Needless to say, I am not DevOps, so feel free to set me right.

tanilama · on Oct 9, 2017

Each transaction is likely composed of hundreds of requests to various of subsystems, and each of them might have vastly different constraints. I don't think the metric of average transactions across all JVMs they are running is a meaningful metric.

jjirsa · on Oct 9, 2017

There’s probably a 10:1 or 100:1 page view to transaction ratio, and a 10:1 or 100:1 api request to page view ratio

200k transactions is a crazy number - a normal second for amazon is probably a few thousand orders (4-5k). This is 20x higher.

jjirsa · on Oct 9, 2017

This tweet suggests I’m probably off by quite a bit (overestimating amazons orders)
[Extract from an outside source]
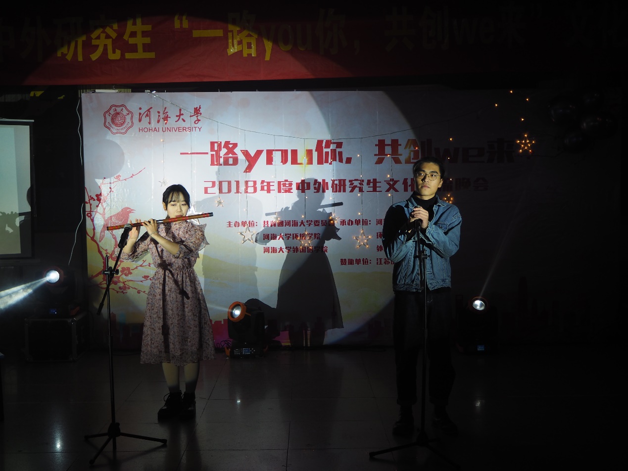随着动人而熟悉的歌声响起,晚会在我院袁强同学婉转而激情的《LOVE STORY》歌声中拉开了帷幕。表演结束后晚会正式开始,首先由董丽平同学为大家带来琵琶演奏曲目《大鱼》,曲声悠扬,深受观众同学的喜爱。由M.H.Shalehy 沙恒带来的歌曲《Gaankobi》成功延续了首个节目的精彩,其歌喉动人深情,引得台下观众的悉心聆听。表演结束后进入了本次晚会的第一个游戏环节,“听歌识曲”,台下同学积极参与,使晚会气氛变得更加火爆,赢得比赛的小组也获得了精美奖品。轻松愉悦的互动游戏告一段落后,紧接着是紧张刺激的双截棍表演《棍舞狂沙》,由夏孟杰,赵沂等人带来,其娴熟的棍法使人眼花缭乱,引得台下观众尖叫连连,将气氛推向一个小高差。随后由孔孟带来的歌曲《笃爱》又将观众带回了悠扬动情的氛围中。歌曲结束后进入了晚会的第一次抽奖环节,抽出的幸运观众获得本次晚会三等奖。器乐表演《我们的时光》是由徐豪,王一欣,苏子宽为大家带来的,展现了我校学生的多才多艺,伴随着乐曲声的响起,同学们不禁回忆起在学校里的点点时光。下一个节目是由留学生Arup Chakraborty带来的诗朗诵《In the time of fever/An old friend》,其富有感情的朗读似乎将观众带入了其编织的故事,深入人心,获得大家热烈的掌声。朗诵结束后进入了本次晚会的第二个游戏环节,《你画我猜》,参加游戏的四名观众以及四名留学生观众被分为多个小组,一一进行游戏,其热闹有趣的节奏将本次晚会推向了又一高潮。随后张玲玉和周放同学为大家又带来了笛子演奏《不染》,笛声与歌声交相呼应,亦柔亦刚,将全场带回平静而又温暖的氛围中。结束后进行了本次晚会的第二次抽奖活动。四位留学生带来的舞蹈表演《Traditional Water Festival Dance of Myammar》是关于缅甸传统节日泼水节的,舞蹈中充满着美好祝福,婀娜的身姿、满溢的笑容散发着对生活的热爱。成瑾、郭雨灵同学带来的歌曲《如果这就是爱情》,其感性的嗓音唱出对爱情的看法,萦绕心头,久久盘旋。晚会的最后一次抽奖活动随后进行,获奖的同学获得了晚会的最终大奖。抽奖结束,Waseem Shah. And Umer带来了巴基斯坦文化音乐,是用一种叫做Rabab的古老乐器演奏,其声音给人以内心的平静和放松。晚会由最终的T台秀收尾,表演同学的步伐牵动着每位观众的心弦,留下了我们最美好的纪念。

https://twitter.com/joelcomm/status/917229394212675584

That’s $3400/second in transactions for amazon, and certainly their average price/transaction is more than $1:1

flukus · on Oct 9, 2017

Probably for non-transactional stuff I'm guessing. For every transaction there are probably 100 reads from various sources. Not to mention all the other stuff, from invoicing to reporting.

twic · on Oct 9, 2017

With microservices, anything is possible!

peoplewindow · on Oct 9, 2017

Alibaba does a lot more than sell stuff on single's day.

Cyph0n · on Oct 9, 2017

Impressive stuff. They have basically forked their entire backend stack, starting from the OS and moving upwards. I am particularly interested in how much AliOS deviates from mainline Linux.

dxhdr · on Oct 9, 2017

> They have basically forked their entire backend stack, starting from the OS and moving upwards.
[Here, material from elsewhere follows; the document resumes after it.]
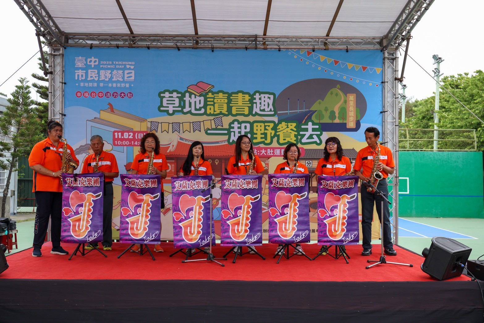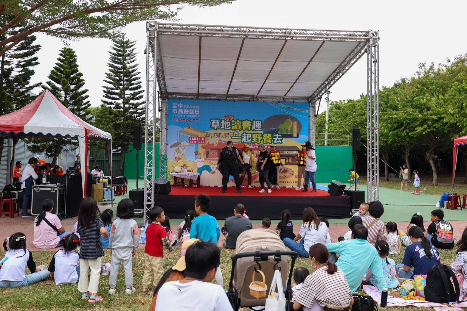 今年活動以「草地閱讀」為主題,鼓勵民眾攜帶書本、雜誌來野餐,現場也精心安排草地閱讀專區扭蛋及拼圖互動、閱讀小兔DIY手作闖關、AI繪本閱讀以及貓頭鷹故事屋劇團有趣的演出,攤位區還有九宮格投沙包遊戲吸引民眾大排長龍,在艾薩克樂團薩克斯風的輕鬆音樂陪伴下,孩子們聽故事、翻繪本、玩遊戲,體驗創意手作與科技閱讀的雙重樂趣。活動不僅鼓勵市民親近自然、享受戶外活動,更讓家長與孩子在故事與遊戲中加深親子情感,營造幸福與感動。

Isn't this pretty common at the $XXX billion dollar tech companies like Google, Facebook, etc?

Cyph0n · on Oct 9, 2017

Most likely, yes, but that doesn't make it any less impressive

baybal2 · on Oct 9, 2017

>Alibaba Runs Millions of Custom JVMs

>They have basically forked their entire backend stack, starting from the OS and moving upwards.
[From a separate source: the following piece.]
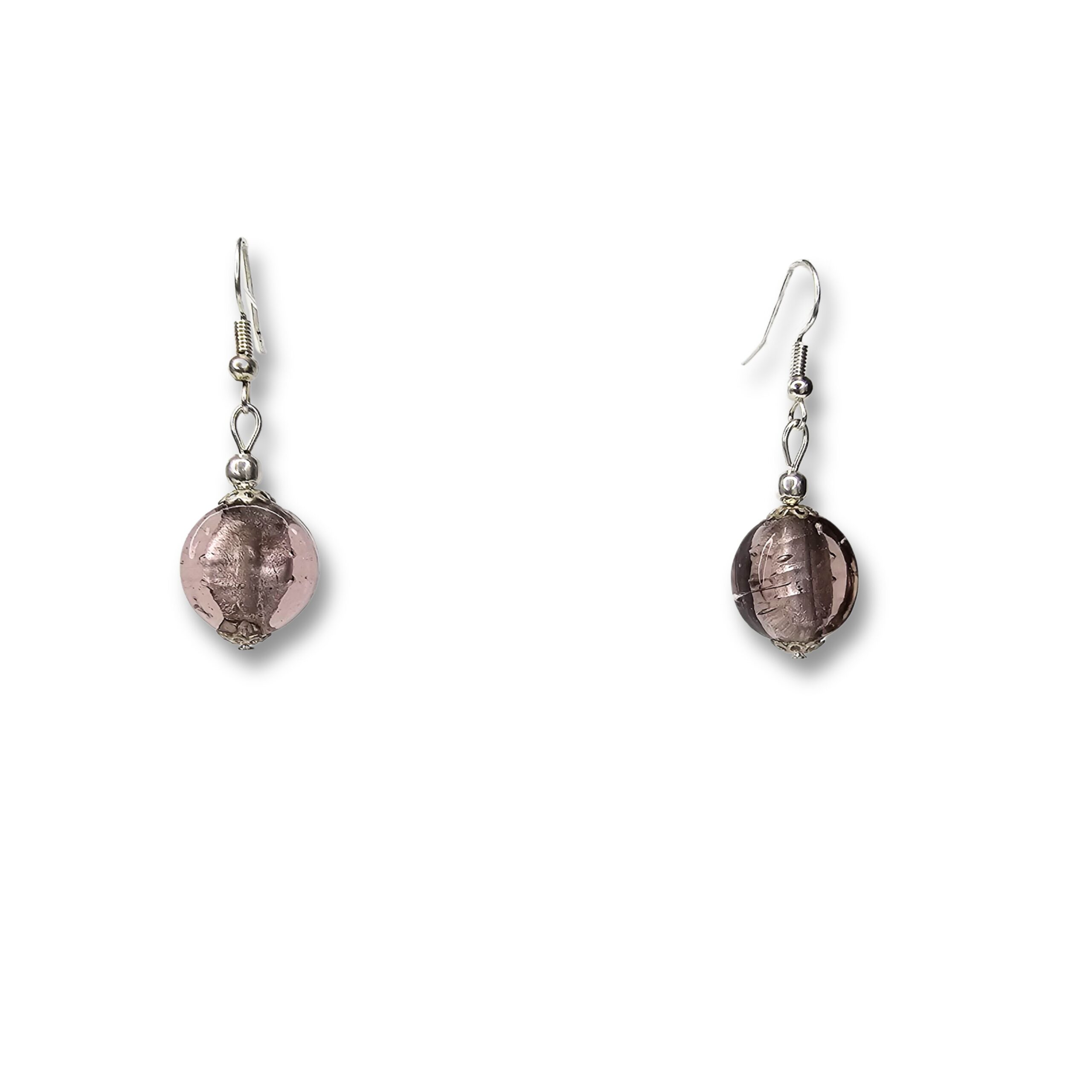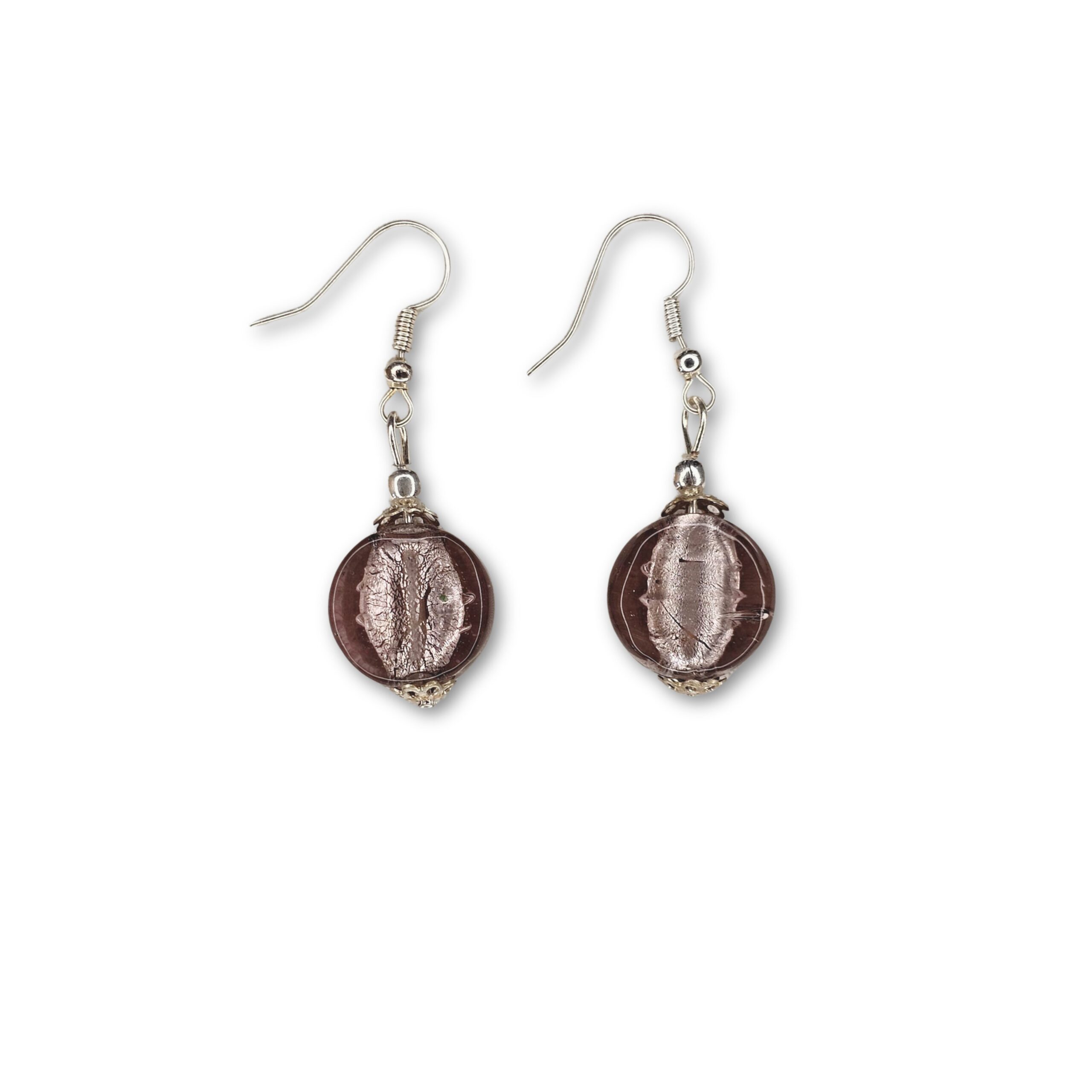 Eleganti e luminosi, questi orecchini artigianali in vetro di Murano con foglia argento sono un gioiello raffinato che esprime tutta la maestria della tradizione veneziana. Realizzati a mano, presentano perle ovali in vetro di Murano arricchite da foglia argento, che crea affascinanti riflessi cangianti e dona profondità al colore.

I doubt this being a cool thing. Sure, they are the second biggest IT employer in the country, and have excess resources for everything, but...

A thing about big dotcoms - architects there try to use off-the-shelf software for everything, even if the software is clearly unsuited for the task and its use will require hacks and massive re-engineering.

Putting efforts to use of off-the-shelf software without modifications and hacks greatly reduces all aspects of infrastructure support burden.

BUT, attempting to use of off-the-shelf software everywhere at all costs, that will of course give you problems. And the bigger your are, the worse this is. Read the article from a month ago how Alibaba got stuck with using MySQL for mission critical tasks, and how much efforts they put to "unhack" it

vincnetas · on Oct 9, 2017

> "Read the article from a month ago how Alibaba got stuck with using MySQL for mission critical tasks, and how much efforts they put to "unhack" it"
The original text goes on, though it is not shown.